Vidal Pla Rafael, Padullés Zamora Núria, Sala Piñol Ferran, Jardí Margaleff Rosendo, Rodríguez Frías Francisco, Montoro Ronsano José Bruno
Servicio de Neumología, Hospital Universitario Vall d'Hebron, Barcelona, España.
Arch Bronconeumol. 2006 Oct;42(10):553-6.
Alpha1-antitrypsin (AAT) deficiency is a codominant autosomal genetic disorder that predisposes a patient to chronic obstructive pulmonary disease and emphysema. Specific treatment is systemic, consisting of intravenous infusion of AAT. The protocol currently recommended by the Spanish Registry is infusion of 180 mg/kg every 21 days. The objective of this study was to assess the pharmacokinetic behavior of AAT and estimate the level of protection, defined as the percentage of time that the AAT plasma concentration was above the assumed protective threshold of 50 mg/dL with the usual protocol and with other alternative ones.

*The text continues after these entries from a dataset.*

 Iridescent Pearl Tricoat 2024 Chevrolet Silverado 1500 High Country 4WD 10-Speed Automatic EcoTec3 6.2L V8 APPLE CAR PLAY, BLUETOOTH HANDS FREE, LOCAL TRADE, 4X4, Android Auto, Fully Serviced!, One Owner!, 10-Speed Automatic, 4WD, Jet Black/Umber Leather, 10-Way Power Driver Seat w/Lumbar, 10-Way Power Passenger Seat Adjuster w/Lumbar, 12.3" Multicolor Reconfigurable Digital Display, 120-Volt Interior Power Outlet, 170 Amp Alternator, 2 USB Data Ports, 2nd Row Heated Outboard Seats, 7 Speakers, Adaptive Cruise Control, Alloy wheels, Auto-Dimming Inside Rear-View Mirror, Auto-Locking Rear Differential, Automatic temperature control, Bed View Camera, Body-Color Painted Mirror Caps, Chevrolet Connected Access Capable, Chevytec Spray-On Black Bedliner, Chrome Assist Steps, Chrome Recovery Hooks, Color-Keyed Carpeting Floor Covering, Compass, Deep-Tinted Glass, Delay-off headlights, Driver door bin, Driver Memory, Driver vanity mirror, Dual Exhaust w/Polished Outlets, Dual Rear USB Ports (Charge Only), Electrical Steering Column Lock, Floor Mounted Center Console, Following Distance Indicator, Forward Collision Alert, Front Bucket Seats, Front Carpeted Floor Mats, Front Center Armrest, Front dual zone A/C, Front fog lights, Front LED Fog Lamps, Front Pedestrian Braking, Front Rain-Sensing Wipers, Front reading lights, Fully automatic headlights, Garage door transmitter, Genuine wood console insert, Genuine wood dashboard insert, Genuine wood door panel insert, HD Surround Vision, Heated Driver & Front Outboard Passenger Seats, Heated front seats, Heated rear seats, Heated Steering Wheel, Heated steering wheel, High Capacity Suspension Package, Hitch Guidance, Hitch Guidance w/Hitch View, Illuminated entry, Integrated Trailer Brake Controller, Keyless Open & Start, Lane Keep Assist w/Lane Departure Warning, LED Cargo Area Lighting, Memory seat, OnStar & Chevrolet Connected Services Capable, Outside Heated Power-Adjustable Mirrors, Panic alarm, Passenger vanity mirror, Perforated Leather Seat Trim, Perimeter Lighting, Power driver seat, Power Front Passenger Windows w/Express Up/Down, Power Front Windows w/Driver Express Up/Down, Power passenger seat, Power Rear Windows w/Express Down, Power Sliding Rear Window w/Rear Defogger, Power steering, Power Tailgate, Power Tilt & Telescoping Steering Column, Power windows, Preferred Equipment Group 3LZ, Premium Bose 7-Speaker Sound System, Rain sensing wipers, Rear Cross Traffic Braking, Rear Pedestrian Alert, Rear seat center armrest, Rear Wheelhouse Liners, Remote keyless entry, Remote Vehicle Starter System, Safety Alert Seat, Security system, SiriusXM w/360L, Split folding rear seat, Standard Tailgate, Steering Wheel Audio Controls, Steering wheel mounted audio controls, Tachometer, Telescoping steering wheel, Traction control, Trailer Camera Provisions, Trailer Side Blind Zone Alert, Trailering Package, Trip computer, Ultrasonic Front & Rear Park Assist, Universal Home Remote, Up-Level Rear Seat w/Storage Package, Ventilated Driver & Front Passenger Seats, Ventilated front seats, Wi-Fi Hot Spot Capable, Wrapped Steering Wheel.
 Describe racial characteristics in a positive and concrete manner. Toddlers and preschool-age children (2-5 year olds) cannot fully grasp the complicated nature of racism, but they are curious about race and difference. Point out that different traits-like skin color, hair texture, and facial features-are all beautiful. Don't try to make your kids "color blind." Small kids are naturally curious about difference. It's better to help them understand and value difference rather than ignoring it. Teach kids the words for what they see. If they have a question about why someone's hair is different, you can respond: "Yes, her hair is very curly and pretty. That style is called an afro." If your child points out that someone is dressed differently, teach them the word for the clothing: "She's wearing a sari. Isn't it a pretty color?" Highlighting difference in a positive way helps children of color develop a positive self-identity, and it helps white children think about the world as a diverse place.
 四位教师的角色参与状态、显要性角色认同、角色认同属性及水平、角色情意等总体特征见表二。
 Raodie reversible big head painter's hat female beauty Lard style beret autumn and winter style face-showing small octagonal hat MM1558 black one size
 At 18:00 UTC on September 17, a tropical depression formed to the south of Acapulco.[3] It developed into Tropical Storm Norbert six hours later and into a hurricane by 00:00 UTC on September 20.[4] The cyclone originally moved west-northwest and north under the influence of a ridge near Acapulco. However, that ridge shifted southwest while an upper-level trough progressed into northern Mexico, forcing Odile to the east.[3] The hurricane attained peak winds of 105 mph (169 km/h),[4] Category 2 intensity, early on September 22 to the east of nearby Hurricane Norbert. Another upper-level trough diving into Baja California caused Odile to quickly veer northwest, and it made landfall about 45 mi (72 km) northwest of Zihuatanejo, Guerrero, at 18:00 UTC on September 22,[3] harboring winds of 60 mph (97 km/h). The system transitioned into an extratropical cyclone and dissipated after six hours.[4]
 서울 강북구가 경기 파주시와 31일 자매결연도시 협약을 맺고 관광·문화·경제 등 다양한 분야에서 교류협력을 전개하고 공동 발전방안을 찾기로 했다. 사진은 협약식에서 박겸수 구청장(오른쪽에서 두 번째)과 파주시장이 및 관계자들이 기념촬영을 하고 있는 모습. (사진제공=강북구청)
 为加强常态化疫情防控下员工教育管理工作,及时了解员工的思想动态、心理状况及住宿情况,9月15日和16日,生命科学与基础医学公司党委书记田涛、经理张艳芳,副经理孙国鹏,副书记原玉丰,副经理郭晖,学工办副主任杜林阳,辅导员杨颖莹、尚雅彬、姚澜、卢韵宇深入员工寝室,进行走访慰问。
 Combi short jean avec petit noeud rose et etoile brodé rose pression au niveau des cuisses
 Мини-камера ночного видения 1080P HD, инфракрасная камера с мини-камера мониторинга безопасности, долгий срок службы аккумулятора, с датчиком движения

Plasma concentrations at 4 times were analyzed for 9 patients to profile the pharmacokinetics of AAT. The data were fitted to a single compartment open model with the WinNonlin software package. The duration of protection was estimated by simulating the evolution of AAT plasma activity over time according to the model constructed based on data recorded in the study.
Five men and 4 women (mean weight, 69 kg; range, 59-84 kg) were given a mean AAT dose of 12.06 g (range, 11-15 g). The mean (SD) volume infused was 516.67 (88.17) mL. The half-life of AAT was 8.7 days and the volume of distribution was 127.6 mL/kg. The currently recommended treatment protocol (180 mg/kg every 21 days) gave a level of protection of 67% (considering 60 mg/dL to be protective threshold) or 76% (for a threshold of 50 mg/dL). Protection values for the alternative protocol of 120 mg/kg every 14 days were 82% and 100%, respectively. For the alternative protocol of 60 mg/kg every 7 days, protection was 100% for both thresholds.
Profiling the pharmacokinetic behavior of AAT has enabled the coverage time to be assessed for several treatment protocols. The regimen of 120 mg/kg every 14 days had the most appropriate profile.
α1 - 抗胰蛋白酶(AAT)缺乏症是一种共显性常染色体遗传病,使患者易患慢性阻塞性肺疾病和肺气肿。特异性治疗是全身性的,包括静脉输注AAT。西班牙登记处目前推荐的方案是每21天输注180mg/kg。本研究的目的是评估AAT的药代动力学行为,并估计保护水平,保护水平定义为AAT血浆浓度高于假定的50mg/dL保护阈值的时间百分比,采用常规方案和其他替代方案。
分析9例患者4个时间点的血浆浓度,以描绘AAT的药代动力学特征。数据用WinNonlin软件包拟合到单室开放模型。根据基于研究记录的数据构建的模型,通过模拟AAT血浆活性随时间的变化来估计保护持续时间。
5名男性和4名女性(平均体重69kg;范围59 - 84kg)接受的AAT平均剂量为12.06g(范围11 - 15g)。平均(标准差)输注体积为516.67(88.17)mL。AAT的半衰期为8.7天,分布容积为127.6mL/kg。目前推荐的治疗方案(每21天180mg/kg)的保护水平为67%(将60mg/dL视为保护阈值)或76%(对于50mg/dL的阈值)。每14天120mg/kg的替代方案的保护值分别为82%和100%。对于每7天60mg/kg的替代方案,两个阈值下的保护率均为100%。
描绘AAT的药代动力学行为能够评估几种治疗方案的覆盖时间。每14天120mg/kg的方案具有最合适的特征。